Görüntülediğiniz mahkeme kararı kesinleşmiş bir karardır.
T.C.
İstanbul Anadolu
4. ASLİYE TİCARET MAHKEMESİ
GEREKÇELİ KARAR
ESAS NO : 2017/1038 Esas
KARAR NO : 2018/452
DAVA : Şirketin İhyası
DAVA TARİHİ : 19/09/2017
KARAR TARİHİ : 09/05/2018
Davacı vekili tarafından davalı aleyhine Mahkememize açılan davanın yapılan açık yargılaması sonucunda;
GEREĞİ DÜŞÜNÜLDÜ:
İDDİA: Davacı vekili dava dilekçesinde özetle; İstanbul Anadolu—. Asliye Ticaret Mahkemesi’nin — Esas sayılı dosyasında açılan itirazın iptali davasında davalı … şirketinin 04/10/2016 tarihinde ticaret sicilden terkin olduğunu öğrendiklerini ve verilen yetki ile işbu davayı açtıklarını, İstanbul Anadolu —. Asliye Ticaret Mahkemesi’nin — Esas sayılı dosyası ile sınırlı olmak kaydıyla davalı firmanın ihyasına karar verilmesini talep etmiştir.
SAVUNMA: Davalı …vekili cevap dilekçesinde özetle; TTK 32.maddesi uyarınca işlem yapıldığını, işbu şirketin şahıs firması olduğunu ve ihya davasına konu edilemeyeceğinin değerlendirildiğini, firma sahibinin şirketin borçlarından sorumlu olduğunu, davalının davanın açılmasına sebep olmadığını, bu nedenle yargılama giderlerinden sorumlu tutulamayacağını, bu nedenle davanın reddine karar verilmesini talep etmiştir.
DAVANIN TESPİTİ, İNCELEME VE GEREKÇE
Dava, ticaret sicilden terkin olunan davalı şirketin ihyası istemine ilişkindir.
İstanbul Ticaret Sicil Müdürlüğünden gelen 16/10/2017 tarihli cevabi yazıya göre, davalı şirketin — adına kayıtlı şahıs şirketi olduğu anlaşılmıştır.
Şahıs şirketi tüzel kişiliğe sahip ve ortakların sorumlulukları sınırsız olan şirket türleridir. Ortak ekonomik bir çıkar veya çıkarların gereği olarak sayısı belli kişilerin kurdukları ve sorumlulukları kişisel olan ortaklıklara şahis şirketi denir.Kişi şirketlerinde ortakların hepsi uygun görmeden ortaklık payı başkalarına satılmak veya devredilmez. Şirketten ayrılan bir ortağın şirket ilişkilerinden dolayı üçüncü kişilere olan sorumluluğu devam eder.
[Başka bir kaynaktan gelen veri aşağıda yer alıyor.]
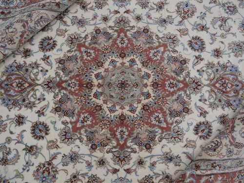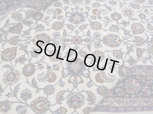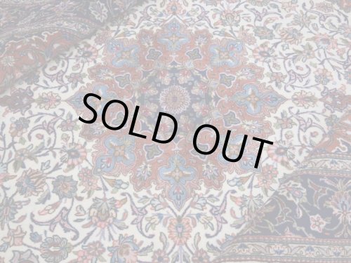 【詳細は、、、】 新品未使用のウール・シルク糸を使用した絨毯です。 密に織られた肉厚な毛足の立ち上がりもよく美しさが際立ちます。 王道のデザインに全体のクリーミーな色合いが非常に美しく上品です。 絨毯全体の毛足は、1本1本のやわらかな毛足がみっしりと密集してきめ細かで、緻密な織のデザインを際立たせています。 約1.3cm程度の毛足はみっしりと詰まって立ち上がり、見た目にもやわらかで肉感があります。 美しい色合いやふわふわとした柔らかなウールの良質さが際立ちます。
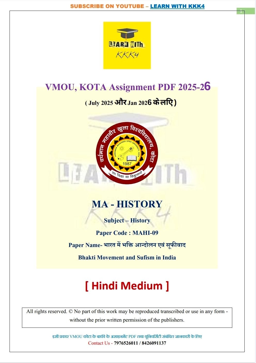 VMOU (Vardhman Mahaveer Open University, Kota) student looking for reliable and effective assignments solutions? Your search ends here! (LEARN WITH KKK4) presents a comprehensive University Assignment Solutions PDF specifically designed for VMOU courses. This PDF is the perfect resource to help you excel in your studies and submit top-notch assignments
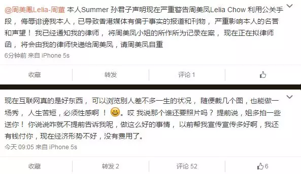 Summer今日再於微博發功,先是寸爆周美鳳的行為是幫自己做騷:「現在互聯網真的是好東西, 可以瀏覽別人差不多一生的狀況,隨便截幾個圖,也能做一場秀,人生苦短,必須性感啊!哎 我說那個誰還要照片嗎?提前說,姐多拍一些送你!你說說咋就不提前告訴我呢,做這麼好的事情,以前幫我宣傳宣傳多好啊,我還有錢付你,現在經濟形勢不好,沒有費用了。」
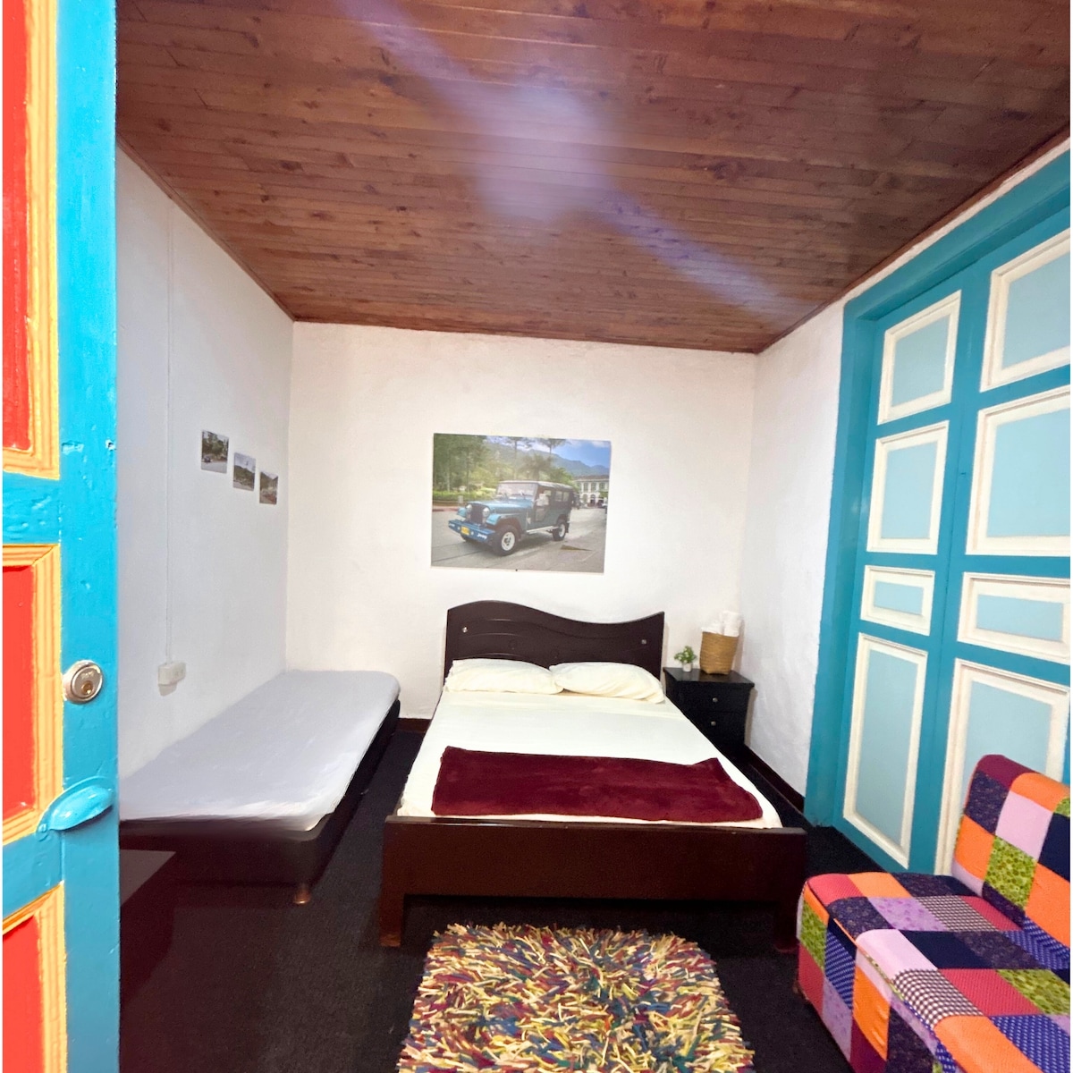 encuentra en nuestra habitacion de hotel toda la comodidad y tranquilidad Además, estarás a pocos pasos de los pintorescos paisajes del Valle del Cocora y del encanto colonial de Salento. Explora sus calles empedradas, disfruta de la deliciosa gastronomía local y sumérgete en la calidez de su gente. Ya sea que busques una escapada romántica o una aventura en solitario, nuestra habitación es el punto de partida ideal para tu experiencia en Salento. estamos a 150 mts del centro.

Ortaklar, gerçek kişilerdir ve şirket borçlarına karşı bütün mal varlığı ile sınırsız olarak sorumludurlar. Adi ortaklık için ticaret sicilinden terkin ortaklığı ve sorumluluğu sona erdirmez. Bu nedenle davacının dava açmakta hukuki yararı bulunmamaktadır.
Davacının dava açmakta hukuki yararının bulunması, dava şartı (HMK m. 114/1-h) olup, davanın her aşamasında ileri sürülüp sürülmediğine bakılmaksızın hakim tarafından kendiliğinden gözetilir. (HMK m. 115/1) O halde, davanın hukuki yarar bulunmadığından, usulden reddine karar vermek gerekmiştir.
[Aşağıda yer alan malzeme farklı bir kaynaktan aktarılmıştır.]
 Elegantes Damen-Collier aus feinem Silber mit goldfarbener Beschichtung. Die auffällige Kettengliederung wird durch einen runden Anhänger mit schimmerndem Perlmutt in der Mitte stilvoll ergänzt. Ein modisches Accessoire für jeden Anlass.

Yasada açıkça dava şartlarının her aşamada mahkemece kendiliğinden araştırılacağı düzenlendiğinden tensip aşamasında dahi dava şartı yokluğu halinde usulden red kararı verilebilir. HMK 137, 138 ve 140. maddedeki ön inceleme aşamasında dava şartlarının inceleneceğine dair düzenlemeler, henüz incelenmemiş ise tahkikata geçilmeden önce dava şartlarının incelenmesi zorunluluğunu belirtmektedir. Bu hükümler her aşamada dava şartlarının incelenebileceğine dair 115. madde düzenlemesine inceleme zamanı bakımından en erken zaman olarak sınır çizen bir düzenleme olmayıp incelemenin en geç ne zaman yapılması gerektiğini göstermektedir.
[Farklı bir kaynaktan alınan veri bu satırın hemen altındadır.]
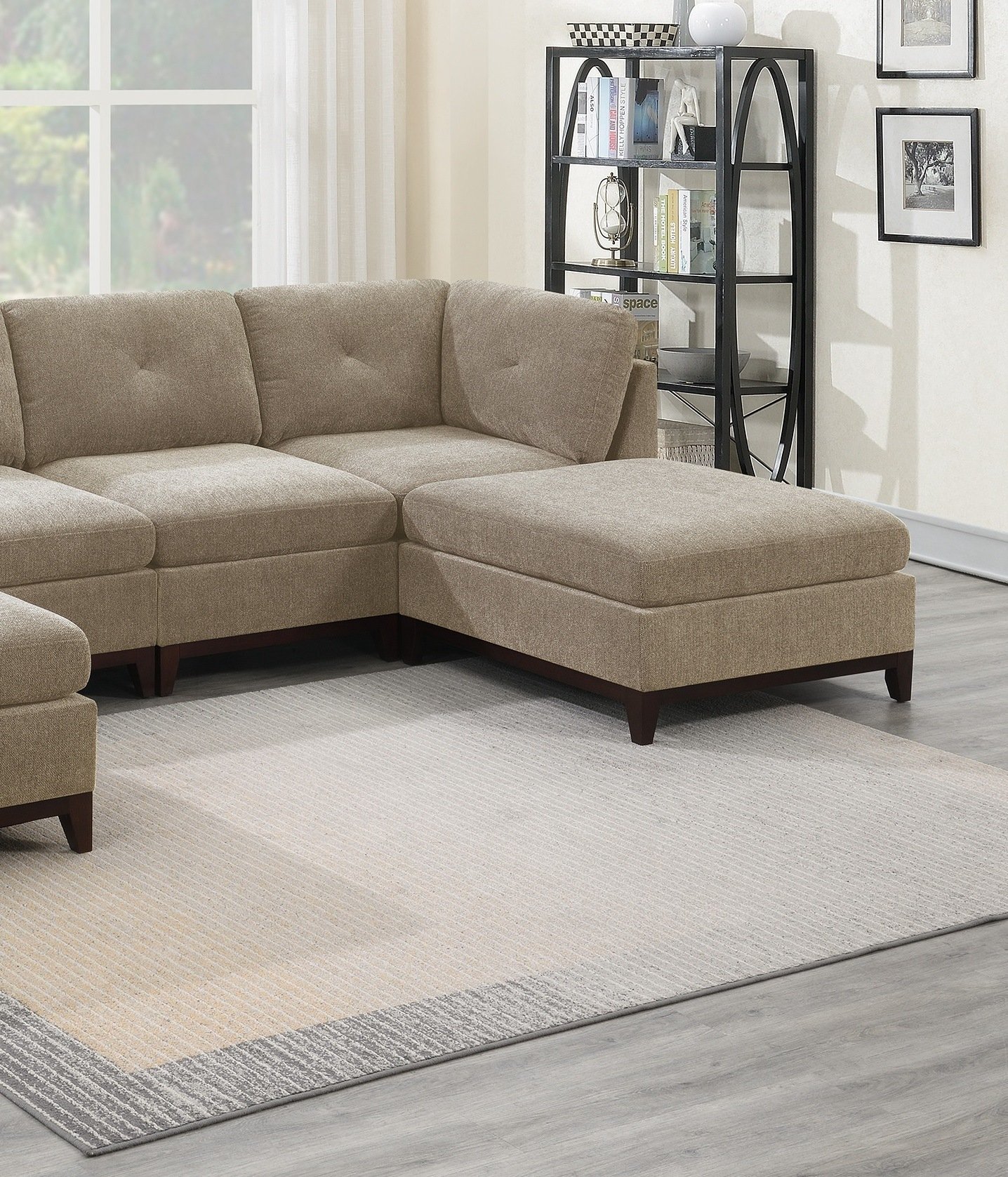 Camel Chenille Fabric Modular Sectional 6pc Set Living Room Furniture U-Sectional Couch 2x Corner Wedge 2x Armless Chairs and 2x Ottomans Tufted Back
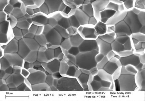 3. Обжиг – сырье керамической заготовки – подвергают обжигу при температуре 1000 – 1400 оС. Заготовка спеченная представляет собой множество мелких кристаллов. На рис. 7.5 представлен срез керамики под микроскопом высокого разрешения. В одном кубическом сантиметре содержится до 1012 зерен.
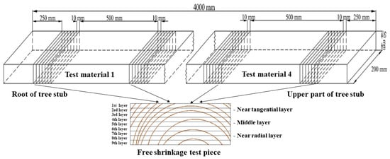 The small-diameter Pinus from the Greater Khingan Range forest area was processed into a size 4000 mm in length (fiber direction), 200 mm in width (near tangential direction of the upper surface layer and the near radial direction of the lower surface layer) and 50 mm in thickness (radial) to yield chord cut plate sawn timber with an initial moisture content of about 90%. The sawn timber was used to cut four 500 mm long conventional drying test materials used for the actual drying shrinkage performance, as well as free drying shrinkage performance test strips at both ends (six for each without obvious defects). The dimension of the test pieces along the length of sawn timber was fixed to 10 mm (fiber direction) × 200 mm × 50 mm. The test pieces were then decomposed into nine layers along the thickness of sawn timber to obtain test strips used for the free shrinkage performance of each layer in the thickness direction of the test timber. The layers were numbered sequentially from the upper surface layer in the near-chord direction to the lower surface layer in the near-radial direction.
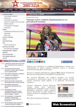 Сайт российского канала «Звезда» в среду сообщил, что Украину якобы могут отстранить от проведения «Евровидения» в Киеве, если организаторы не решат проблему участия в конкурсе российской певицы Юлии Самойловой. Ранее в СБУ сообщили о запрете участнице песенного конкурса от России въезжать в Украину в течение трех лет за нарушение украинского законодательства: 27 июня 2015 года она выступила в аннексированном Крыму.
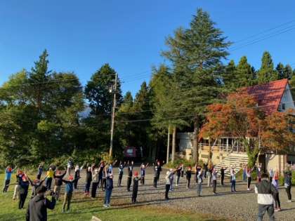 おはようございます。昨夜はみんなしっかり眠れたようです。清々しい朝です。ラジオ体操をして、今日の予定を確認しました。朝食も昨夜同様マナーよくいだだきました。次はいよいよ山登りに挑戦します。
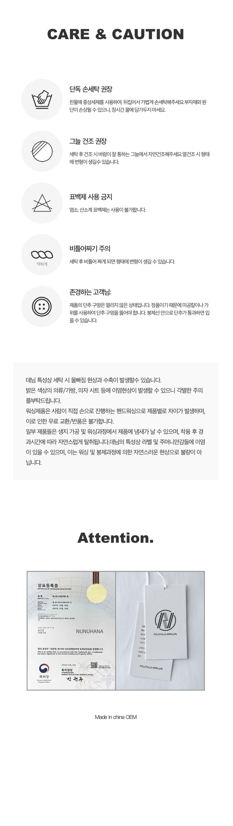 | 제조국 | 중국 OEM | 세탁방법 및 취급시 주의사항 | 상품 상세페이지 참조 |
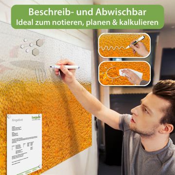 Auf der glatten Glasoberfläche lassen sich Termine, Rezepte oder Notizen ganz einfach mit Kreidestiften festhalten und rückstandslos entfernen. Starke Neodym-Magnete halten Ihre wichtigsten Erinnerungen sicher an Ort und Stelle. So entsteht Ihre ganz persönliche Ideenwand - jeden Tag neu.
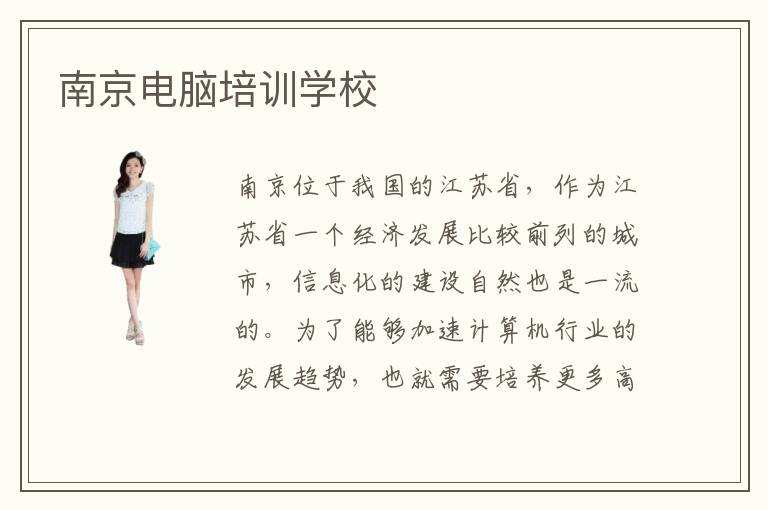 南京位于我国的江苏省,作为江苏省一个经济发展比较前列的城市,信息化的建设自然也是一流的。为了能够加速计算机行业的发展趋势,也就需要培养更多高端的计算机专业技术型人才,为此南京的教育行业做出了相应的计划,特别在南京开设了很多大大小小的专业计算机培训学校,感兴趣的同学可以去了解一下这些南京电脑培训学校。那么,这些南京电脑培训电脑培训学校到底哪家的专业教学比较靠谱呢?

HMK.nun 30. Maddesine göre Hakim lüzumsuz masraf yapılmamasını sağlamakla yükümlüdür.
Tüm bu nedenlerle davacının işbu davayı açmakta güncel hukuki yararı bulunmadığından HMK’nin 114/1-h ve 115/2. maddeleri uyarınca davanın usulden reddine karar vermek gerekmiş ve aşağıdaki şekilde hüküm kurulmuştur.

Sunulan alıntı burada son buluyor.